── RECORDS FOR THE EXERCISE

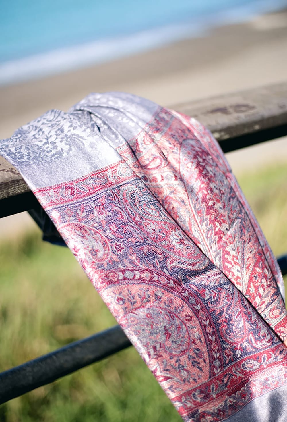 光沢感のある美しい布地にペイズリー柄が映えます。
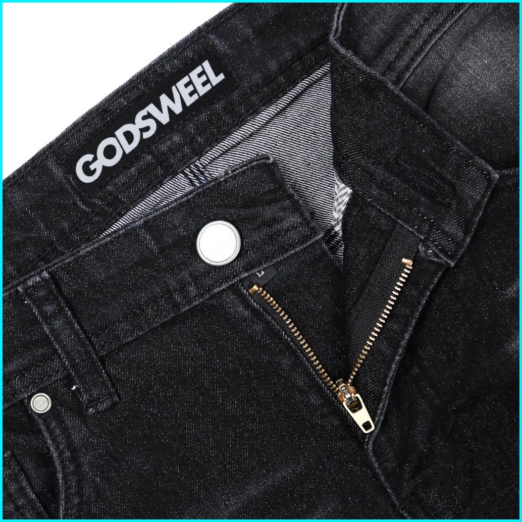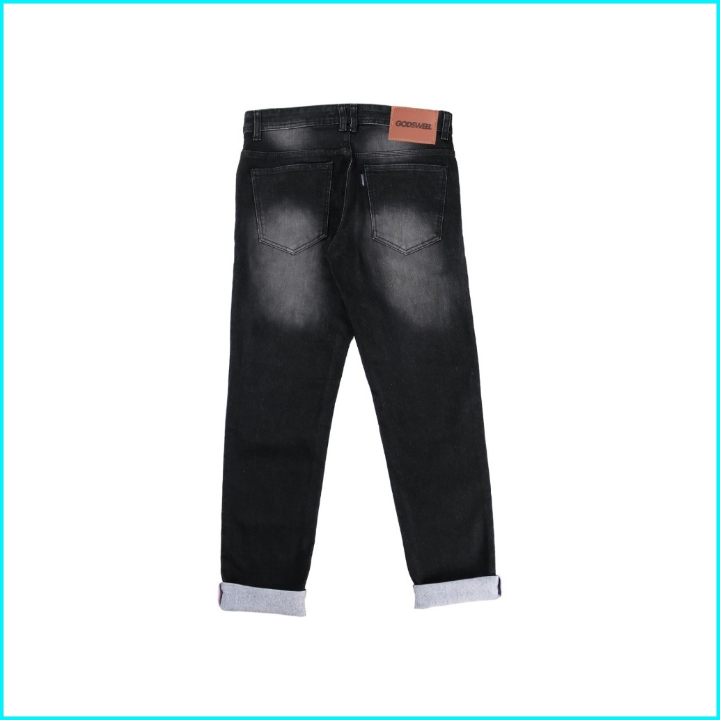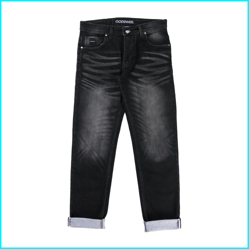 Godsweel Celana Jeans Pria Panjang Aksen Selvedge Slimfit Blackjazz Stretch
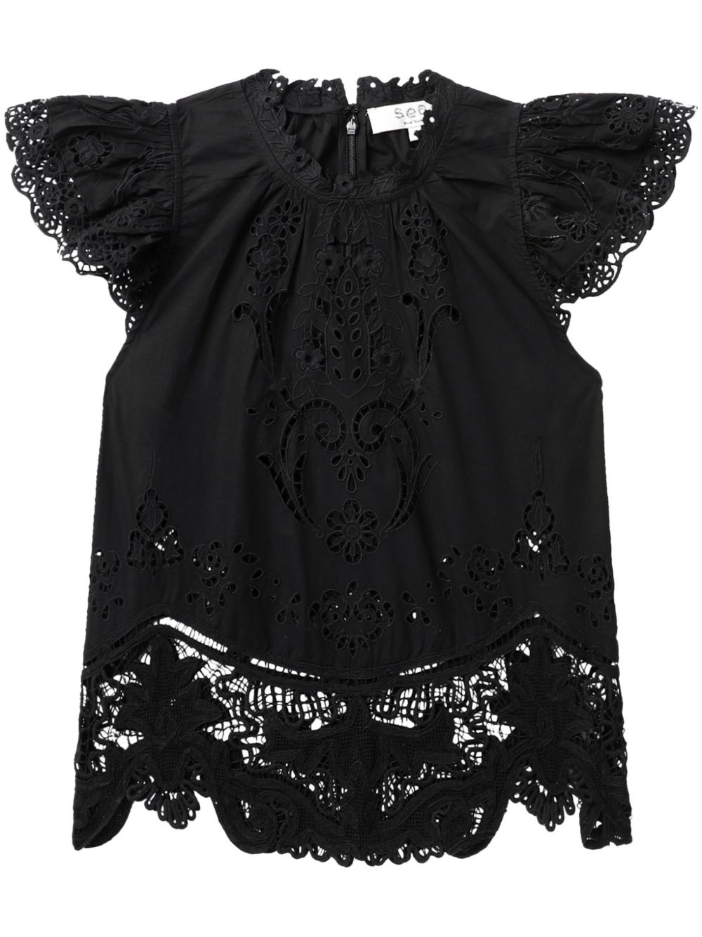Gianna blouse Highlights - Black - Concealed rear zip fastening - Embroidered motif - Crew neck - Short sleeves Imported Composition Cotton 100%
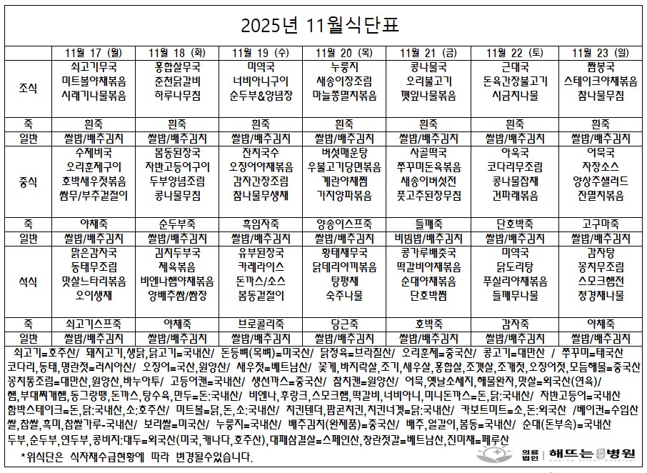 "매일 해뜨는 요양병원에서 제공되는 식단입니다"
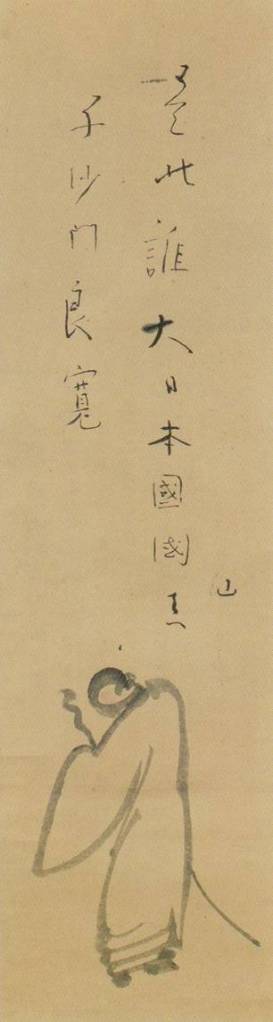 Of his youth, Ryōkan wrote, “When I was a lad,/ I sauntered about town as a gay blade, / Sporting a cloak of the softest down,/ And mounted on a splendid chestnut-colored horse./ During the day, I galloped to the city; / At night, I got drunk on peach blossoms by the river./ I never cared about returning home,/ Usually ending up, with a big smile on my face,/ at a pleasure pavilion!” But he had some sort of spiritual change, and rather than taking over his father’s place as a village headman and accepting a life of business and wealth, he shaved his head, renounced the world, and became a Buddhist monk. He became the disciple of a Zen priest called Kokusen at the age of 22, and studied under him for over a decade.
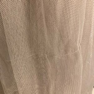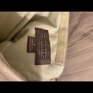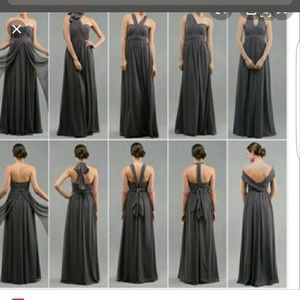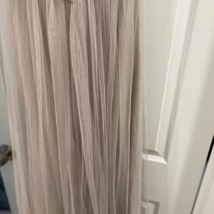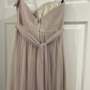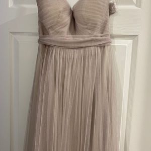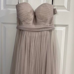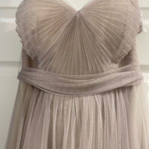 Strapless bodice with a sweetheart neckline. Floor length gathered A-line skirt features convertible panels that can be used to create alternate necklines and strap details. A detachable tulle sash that can be used to tie around the waist to create definition and finish the look is included. **slight imperfection at bottom - see pic**
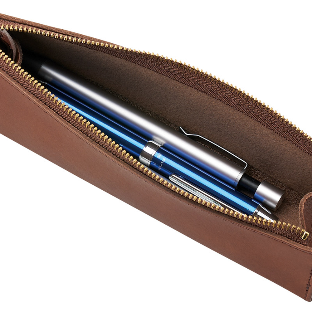革の存在感と三角フォルムで自立するシンプルデザインのペンケースです。
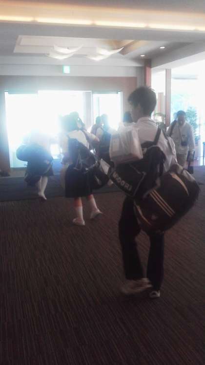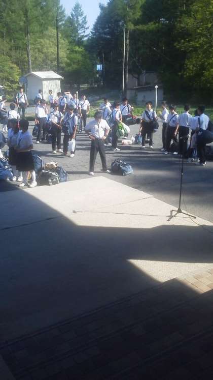 ホテル前に集合しています。これから、退館式をおこなう前の様子です。
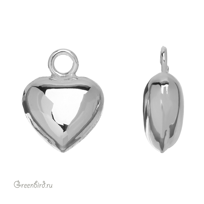 Фурнитура для бижутерии - объемная подвеска-сердечко. Материал: латунь, покрытие: родий. Размер с колечком: 15 х 12 мм, толщина: 6 мм, внутренний диаметр колечка: 2,6 мм. Производство: Китай. Цена указана за 1 шт.
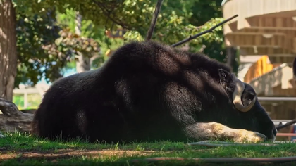 Пресс-служба Московского зоопарка в понедельник, 7 августа, показала кадры, как вальяжно отдыхает овцебык в установившуюся жару в центральном регионе.
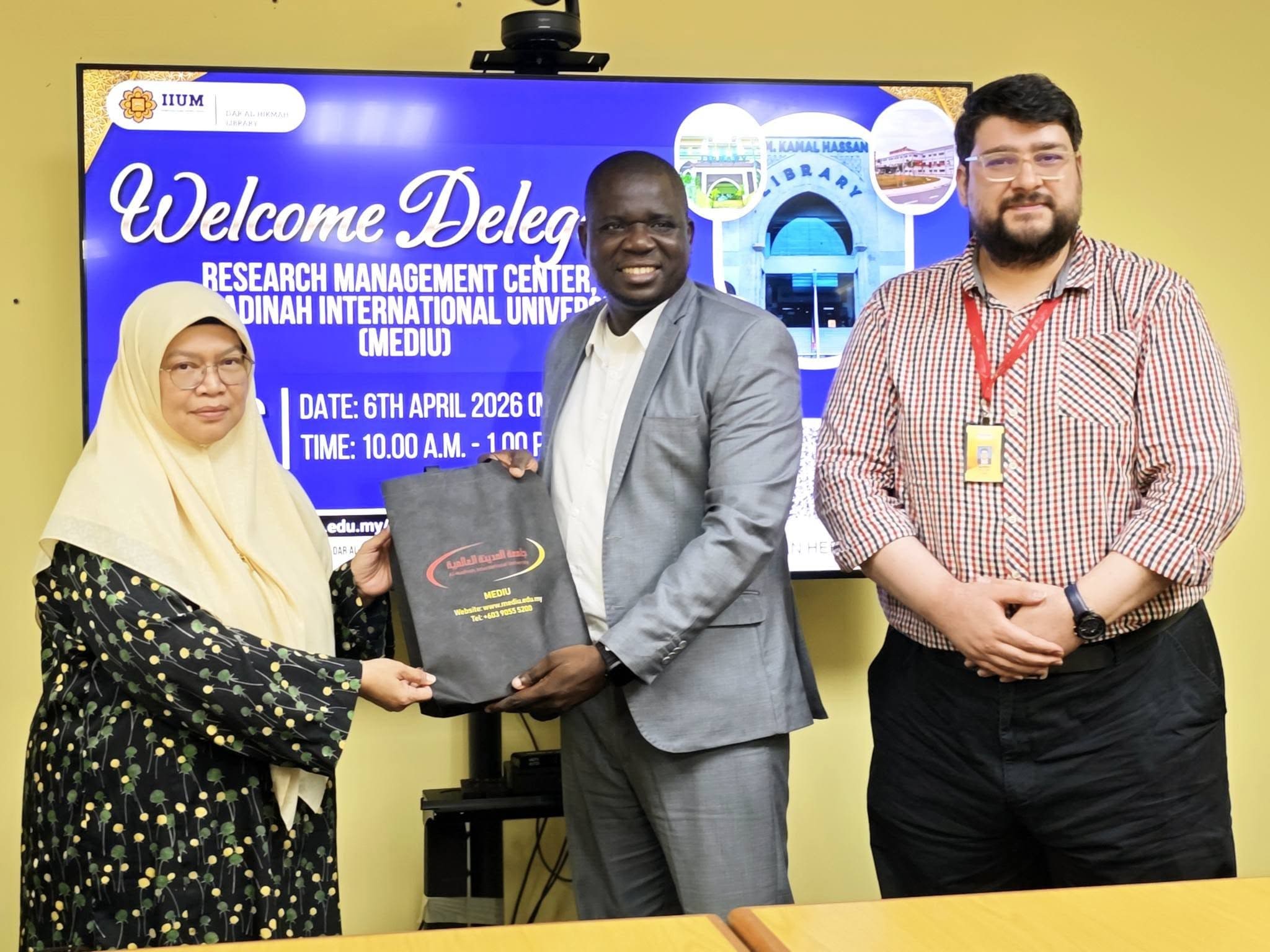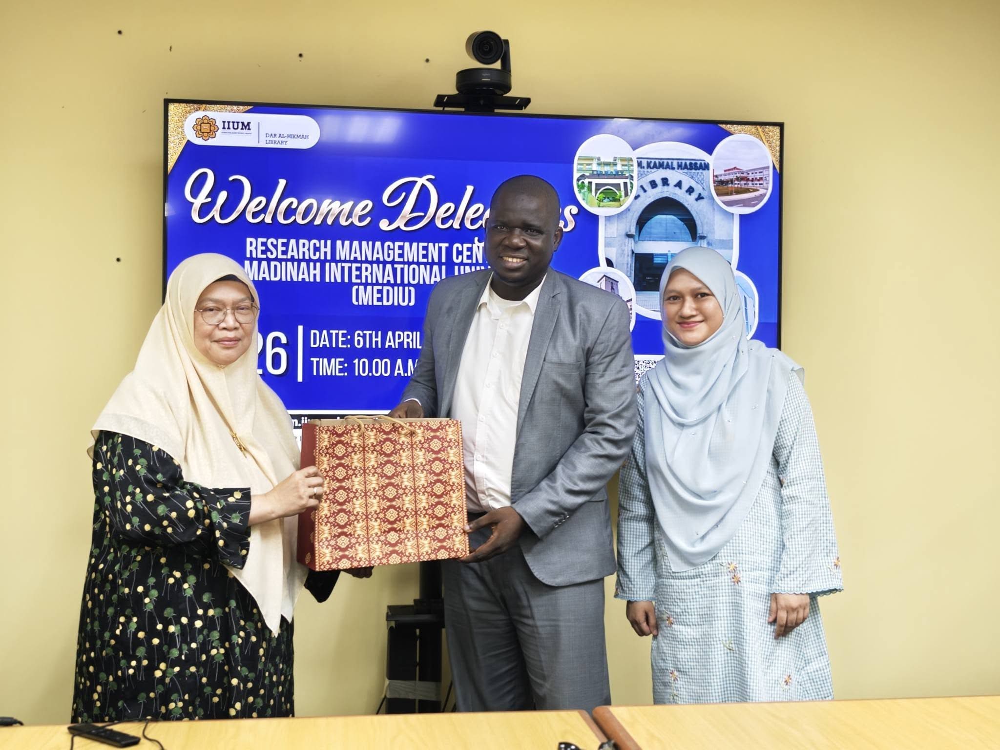 وترأس الوفد الدكتور بوبيولا كريم، مدير مركز البحث العلمي في جامعة المدينة العالمية، حيث كان في استقبالهم وفد من الجامعة الإسلامية العالمية في ماليزيا ممثلاً بمدير مركز البحث العلمي الدكتور المهندس أحمد فاضل بن إسماعيل، إلى جانب عدد من المختصين والباحثين في المجال.
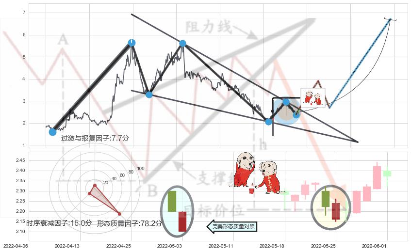 ➢ 🕰 价格走势在2022-06-02至2022-06-02期间形成单针探底(定海神针),残存影响值:2.00
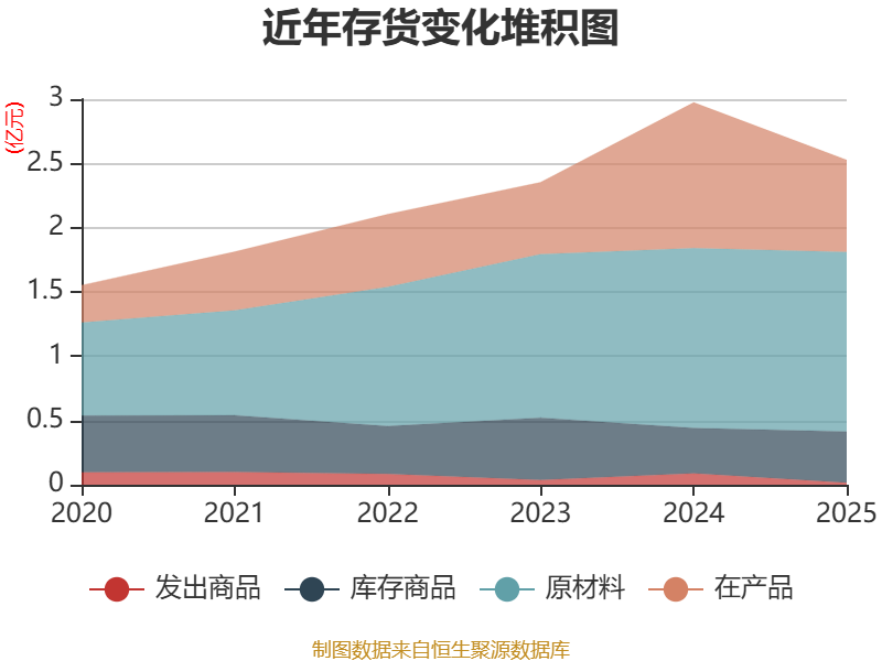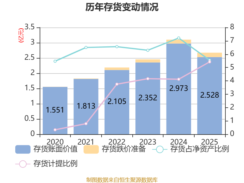 从存货变动来看,截至2025年末,公司存货账面价值为2.53亿元,占净资产的5.55%,较上年末减少4454.17万元。其中,存货跌价准备为1448.87万元,计提比例为5.42%。
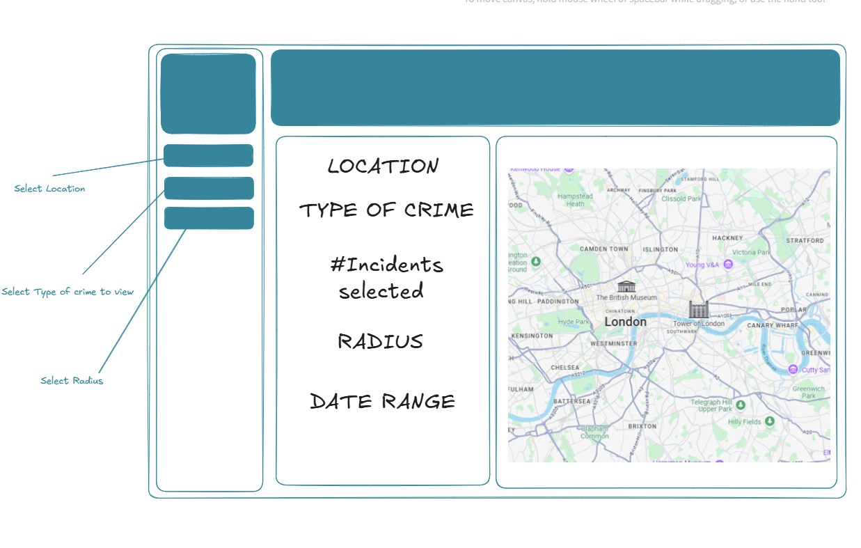 This flow allows the user to select an area, date range, crime type and radius from a location.

────

_INSTRUCTIONS FOR THE TASK_: Output the entries exactly as they appear, with no pictures included.

_RESPONSE TO THIS EXERCISE_:
 光沢感のある美しい布地にペイズリー柄が映えます。
 Godsweel Celana Jeans Pria Panjang Aksen Selvedge Slimfit Blackjazz Stretch
Gianna blouse Highlights - Black - Concealed rear zip fastening - Embroidered motif - Crew neck - Short sleeves Imported Composition Cotton 100%
 "매일 해뜨는 요양병원에서 제공되는 식단입니다"
 Of his youth, Ryōkan wrote, “When I was a lad,/ I sauntered about town as a gay blade, / Sporting a cloak of the softest down,/ And mounted on a splendid chestnut-colored horse./ During the day, I galloped to the city; / At night, I got drunk on peach blossoms by the river./ I never cared about returning home,/ Usually ending up, with a big smile on my face,/ at a pleasure pavilion!” But he had some sort of spiritual change, and rather than taking over his father’s place as a village headman and accepting a life of business and wealth, he shaved his head, renounced the world, and became a Buddhist monk. He became the disciple of a Zen priest called Kokusen at the age of 22, and studied under him for over a decade.
 Strapless bodice with a sweetheart neckline. Floor length gathered A-line skirt features convertible panels that can be used to create alternate necklines and strap details. A detachable tulle sash that can be used to tie around the waist to create definition and finish the look is included. **slight imperfection at bottom - see pic**
革の存在感と三角フォルムで自立するシンプルデザインのペンケースです。
 ホテル前に集合しています。これから、退館式をおこなう前の様子です。
 Фурнитура для бижутерии - объемная подвеска-сердечко. Материал: латунь, покрытие: родий. Размер с колечком: 15 х 12 мм, толщина: 6 мм, внутренний диаметр колечка: 2,6 мм. Производство: Китай. Цена указана за 1 шт.
 Пресс-служба Московского зоопарка в понедельник, 7 августа, показала кадры, как вальяжно отдыхает овцебык в установившуюся жару в центральном регионе.
 وترأس الوفد الدكتور بوبيولا كريم، مدير مركز البحث العلمي في جامعة المدينة العالمية، حيث كان في استقبالهم وفد من الجامعة الإسلامية العالمية في ماليزيا ممثلاً بمدير مركز البحث العلمي الدكتور المهندس أحمد فاضل بن إسماعيل، إلى جانب عدد من المختصين والباحثين في المجال.
 ➢ 🕰 价格走势在2022-06-02至2022-06-02期间形成单针探底(定海神针),残存影响值:2.00
 从存货变动来看,截至2025年末,公司存货账面价值为2.53亿元,占净资产的5.55%,较上年末减少4454.17万元。其中,存货跌价准备为1448.87万元,计提比例为5.42%。
 This flow allows the user to select an area, date range, crime type and radius from a location.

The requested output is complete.